[ASSIGNMENT] After finding the line containing "事實上,重型擱板有許多優(y" below, please output that line and each following one through the line containing "По данным ОЭСР[29], средние", exactly as written.

[DATA IN THIS EXERCISE]
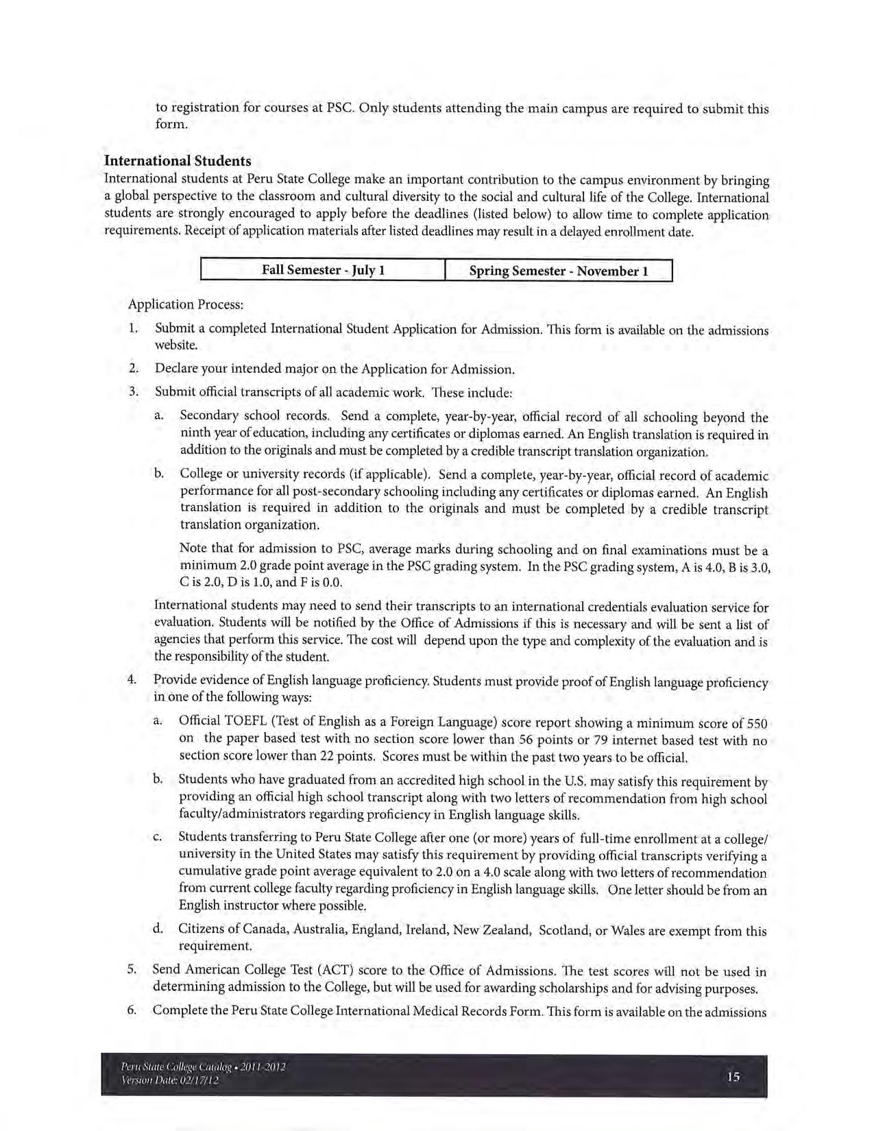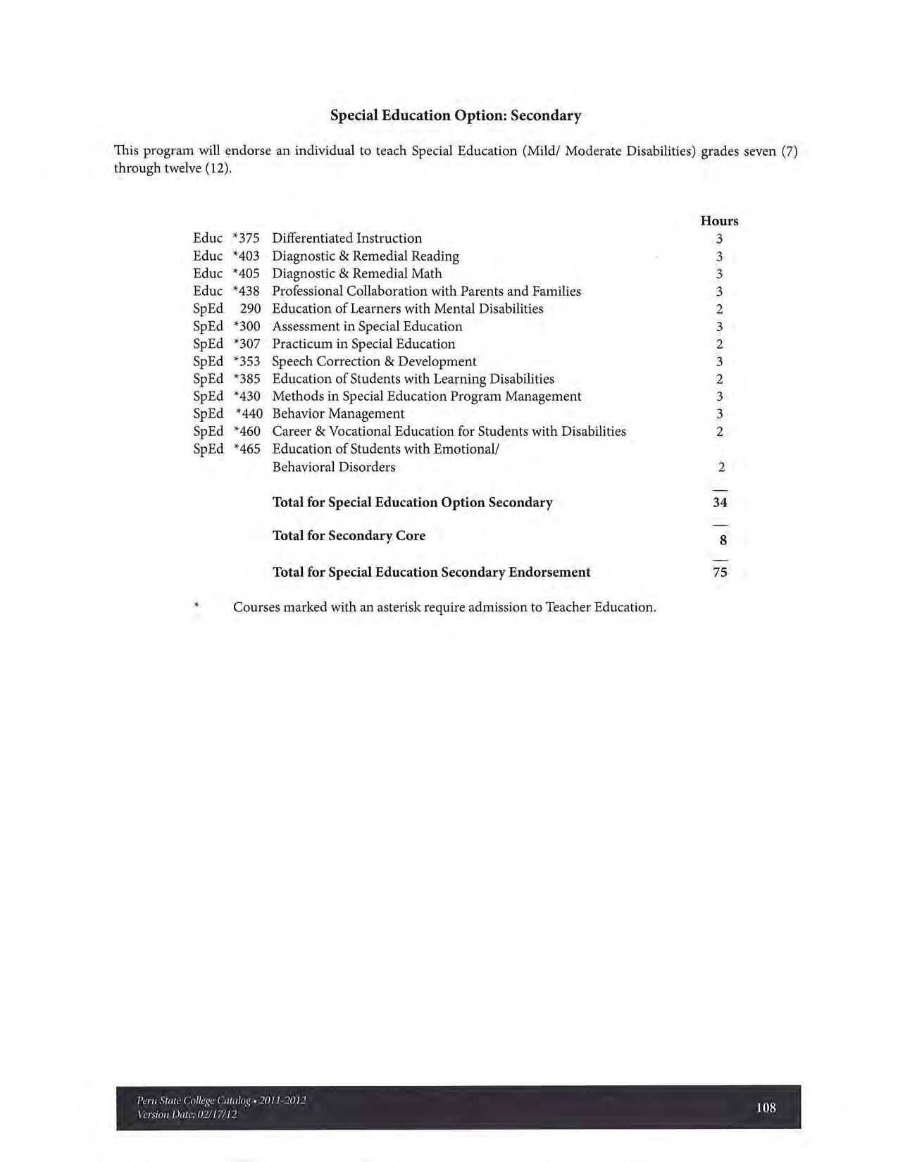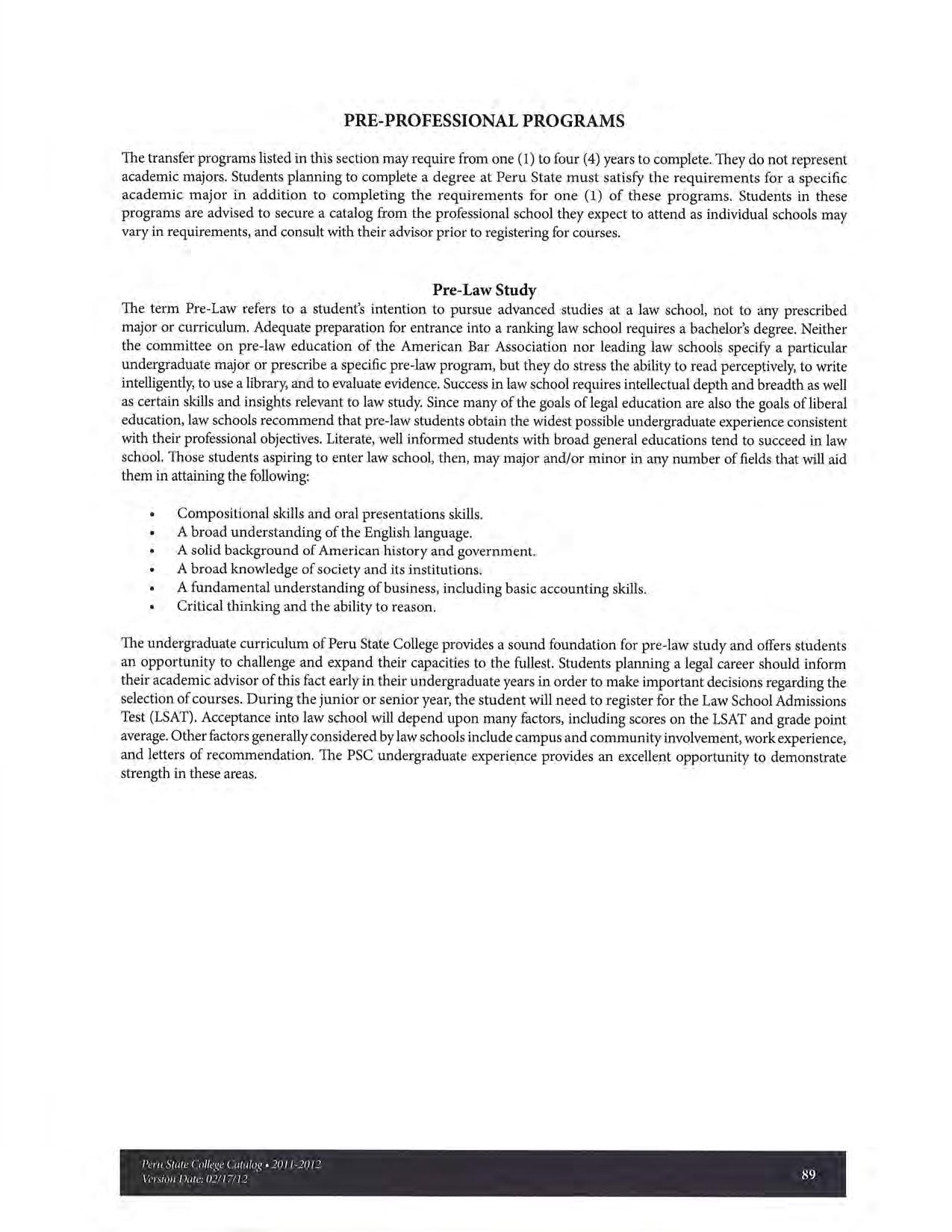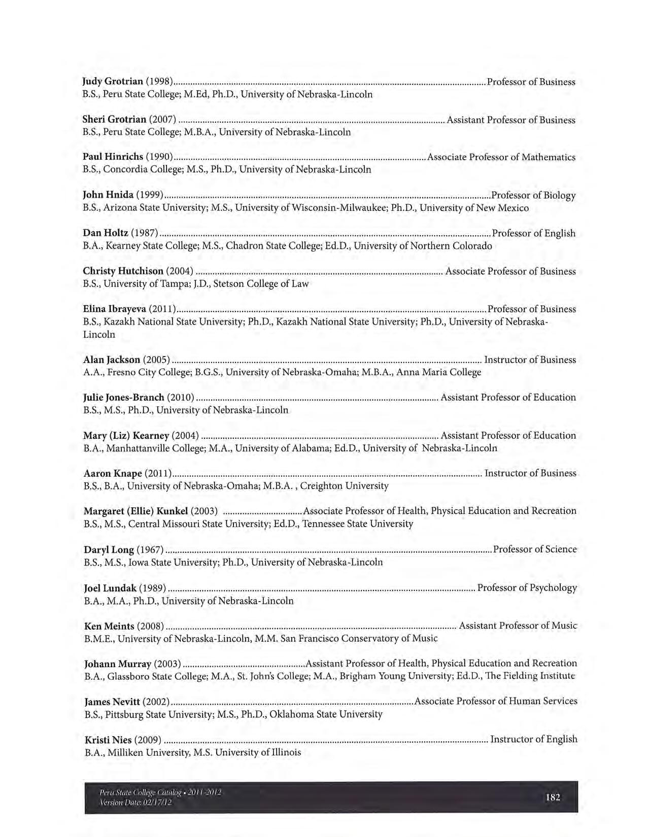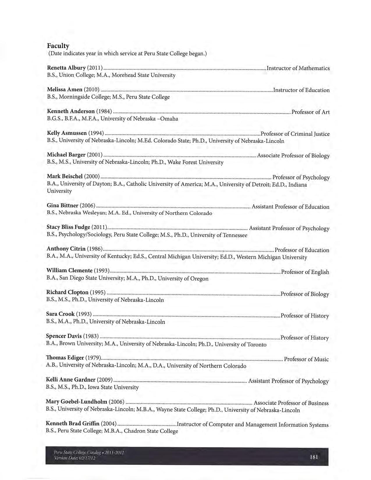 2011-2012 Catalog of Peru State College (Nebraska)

---

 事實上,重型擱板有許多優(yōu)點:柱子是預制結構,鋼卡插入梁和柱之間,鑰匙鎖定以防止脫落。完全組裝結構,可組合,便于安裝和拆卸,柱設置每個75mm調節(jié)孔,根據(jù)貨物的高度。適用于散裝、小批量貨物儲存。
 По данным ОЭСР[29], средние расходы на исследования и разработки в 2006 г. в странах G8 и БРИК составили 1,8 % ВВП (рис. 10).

[RESULT OF THIS TASK]
 事實上,重型擱板有許多優(yōu)點:柱子是預制結構,鋼卡插入梁和柱之間,鑰匙鎖定以防止脫落。完全組裝結構,可組合,便于安裝和拆卸,柱設置每個75mm調節(jié)孔,根據(jù)貨物的高度。適用于散裝、小批量貨物儲存。
 По данным ОЭСР[29], средние расходы на исследования и разработки в 2006 г. в странах G8 и БРИК составили 1,8 % ВВП (рис. 10).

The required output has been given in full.